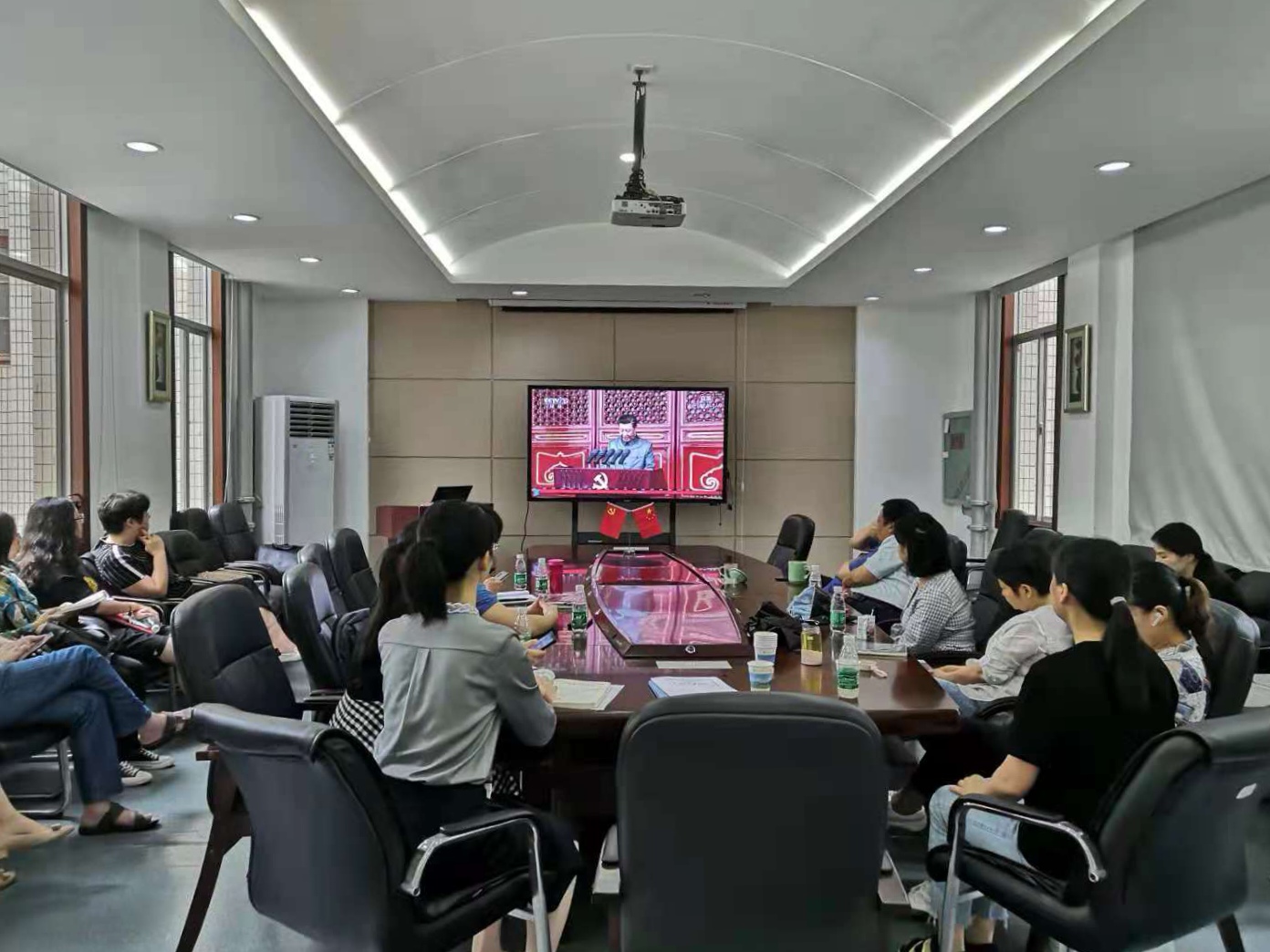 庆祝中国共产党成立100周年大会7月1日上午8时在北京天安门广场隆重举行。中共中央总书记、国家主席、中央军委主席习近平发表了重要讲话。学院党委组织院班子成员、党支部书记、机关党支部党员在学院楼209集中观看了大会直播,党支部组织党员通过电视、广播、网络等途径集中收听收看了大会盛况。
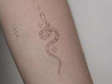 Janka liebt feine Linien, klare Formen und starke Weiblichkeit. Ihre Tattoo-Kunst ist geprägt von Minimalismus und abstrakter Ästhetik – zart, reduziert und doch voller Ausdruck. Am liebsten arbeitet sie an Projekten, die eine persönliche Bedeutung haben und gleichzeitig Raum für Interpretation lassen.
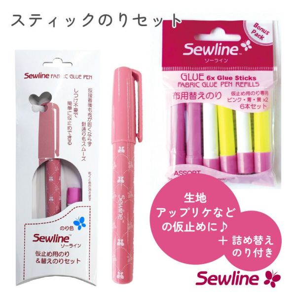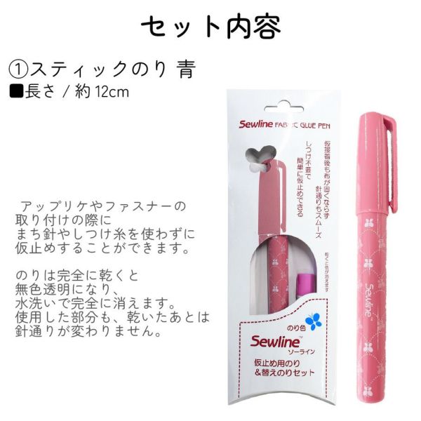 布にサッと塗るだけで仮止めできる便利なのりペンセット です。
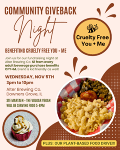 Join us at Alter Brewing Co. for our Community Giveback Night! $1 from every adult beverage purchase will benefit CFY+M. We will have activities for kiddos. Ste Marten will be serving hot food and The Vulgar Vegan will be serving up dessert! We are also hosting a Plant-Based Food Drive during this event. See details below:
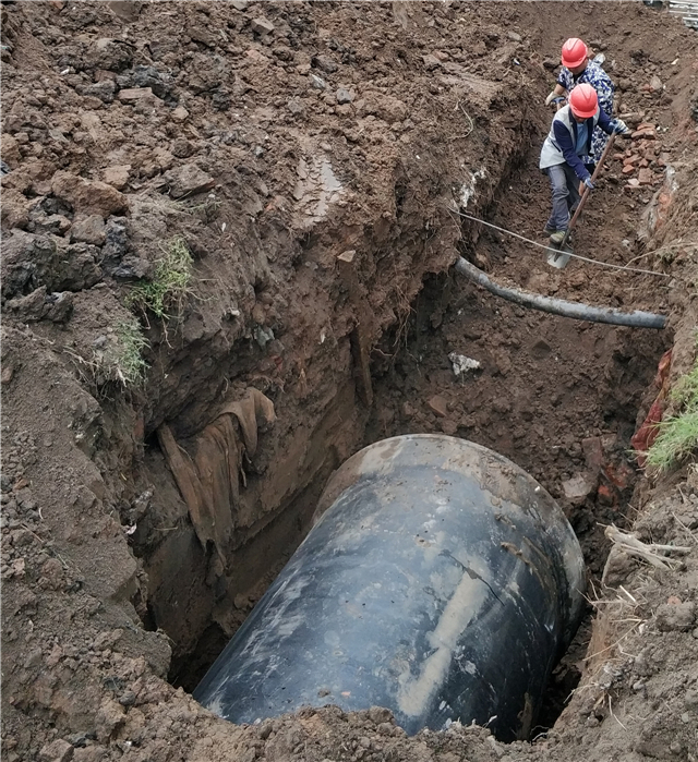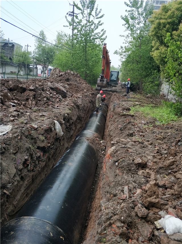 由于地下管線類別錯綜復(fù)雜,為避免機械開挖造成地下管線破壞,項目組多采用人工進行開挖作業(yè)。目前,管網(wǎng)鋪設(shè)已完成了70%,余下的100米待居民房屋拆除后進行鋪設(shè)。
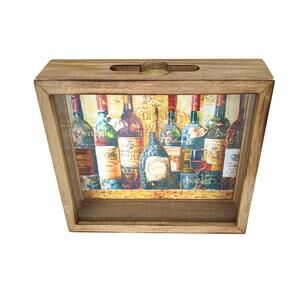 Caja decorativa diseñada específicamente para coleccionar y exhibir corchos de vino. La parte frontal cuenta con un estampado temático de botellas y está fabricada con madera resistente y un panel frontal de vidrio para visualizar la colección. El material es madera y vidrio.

--- --- ---

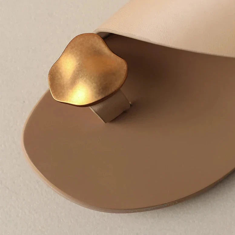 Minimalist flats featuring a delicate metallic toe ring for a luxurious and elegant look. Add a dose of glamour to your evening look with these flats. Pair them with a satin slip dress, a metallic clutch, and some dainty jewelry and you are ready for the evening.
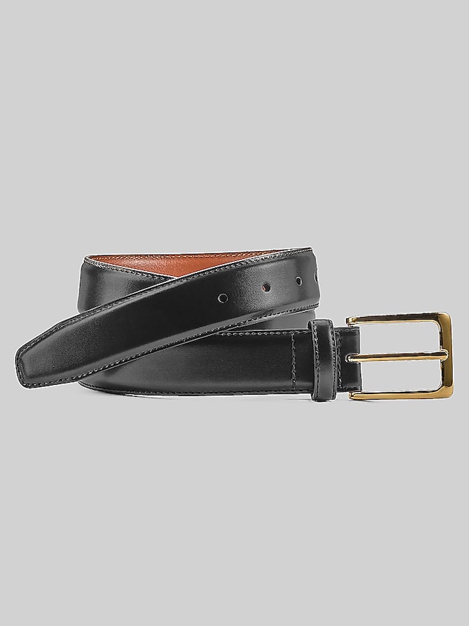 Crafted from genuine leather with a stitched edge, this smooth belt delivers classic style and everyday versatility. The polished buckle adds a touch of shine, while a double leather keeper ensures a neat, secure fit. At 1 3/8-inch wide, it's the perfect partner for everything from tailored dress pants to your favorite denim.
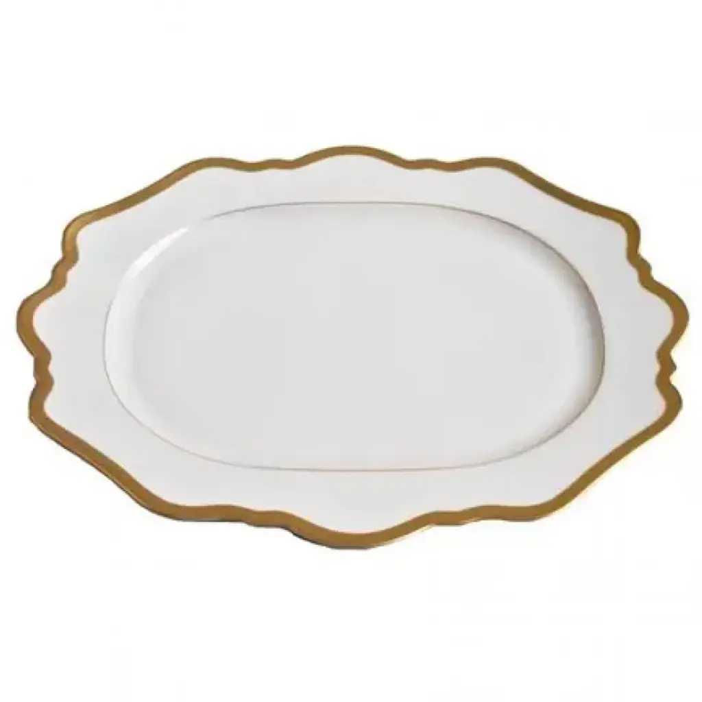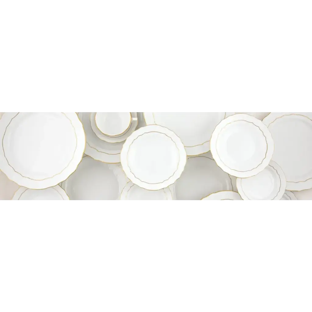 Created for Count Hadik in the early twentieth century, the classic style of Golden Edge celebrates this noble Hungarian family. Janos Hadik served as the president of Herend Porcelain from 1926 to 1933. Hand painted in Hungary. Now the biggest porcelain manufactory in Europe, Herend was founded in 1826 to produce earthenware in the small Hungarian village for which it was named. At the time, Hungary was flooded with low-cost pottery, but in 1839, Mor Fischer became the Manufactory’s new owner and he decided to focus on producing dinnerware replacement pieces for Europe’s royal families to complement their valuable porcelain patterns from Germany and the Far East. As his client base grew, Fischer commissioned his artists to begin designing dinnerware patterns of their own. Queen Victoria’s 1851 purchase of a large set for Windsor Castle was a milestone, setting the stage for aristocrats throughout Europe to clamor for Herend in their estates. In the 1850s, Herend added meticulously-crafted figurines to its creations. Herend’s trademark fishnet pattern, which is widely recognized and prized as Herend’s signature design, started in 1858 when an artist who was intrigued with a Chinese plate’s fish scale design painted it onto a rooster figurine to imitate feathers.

--- --- ---

• TASK: Everything above from the line that has "布にサッと塗るだけで仮止めできる便利なのりペンセット です。" down to the line that has "Join us at Alter" should be output exactly, with both of those lines included. Leave the pictures behind.

• RESPONSE AREA:
 布にサッと塗るだけで仮止めできる便利なのりペンセット です。
 Join us at Alter Brewing Co. for our Community Giveback Night! $1 from every adult beverage purchase will benefit CFY+M. We will have activities for kiddos. Ste Marten will be serving hot food and The Vulgar Vegan will be serving up dessert! We are also hosting a Plant-Based Food Drive during this event. See details below:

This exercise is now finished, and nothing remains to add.